Prefects sweep the corridors in pairs, lanterns trembling in their hands. Their voices stay low, brittle with nerves as the light wavers over frost blooming along the baseboards. They think it’s just the draft, the old castle settling. They never feel the pulse behind it, the whisper crawling under the floor.
From the far end of the hall, Caretaker Silas moves through the fog like a shadow given shape. His broom glides across marble that gleams too pale in the hall light. He doesn’t look at the frost he’s sweeping away, but I see the runes he’s tracing into the dust, small, deliberate spirals that vanish as quickly as they’re drawn. He’s not cleaning. He’s sealing.
When his gaze flicks up, our eyes meet for half a heartbeat.

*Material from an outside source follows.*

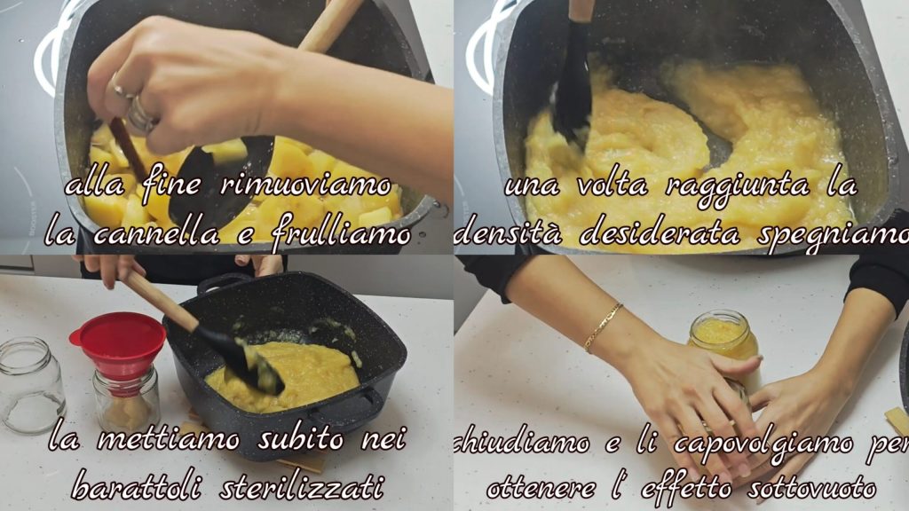 Al final quitamos la canela y lo trituramos. Una vez alcanzada la consistencia deseada, la ponemos en tarros previamente esterilizados. Cerramos bien y los invertimos para crear el vacío.

There’s no surprise in his expression, only acknowledgment. The kind that passes between those who know what hides beneath this place. Then he nods once, turns the corner, and disappears into mist.
I wait until his footsteps fade before moving on. The corridor stretches ahead, archways ribbed like a spine, light flickering against stone ribs. Cold hums through the walls, steady, patient. The Rift stirs deeper tonight.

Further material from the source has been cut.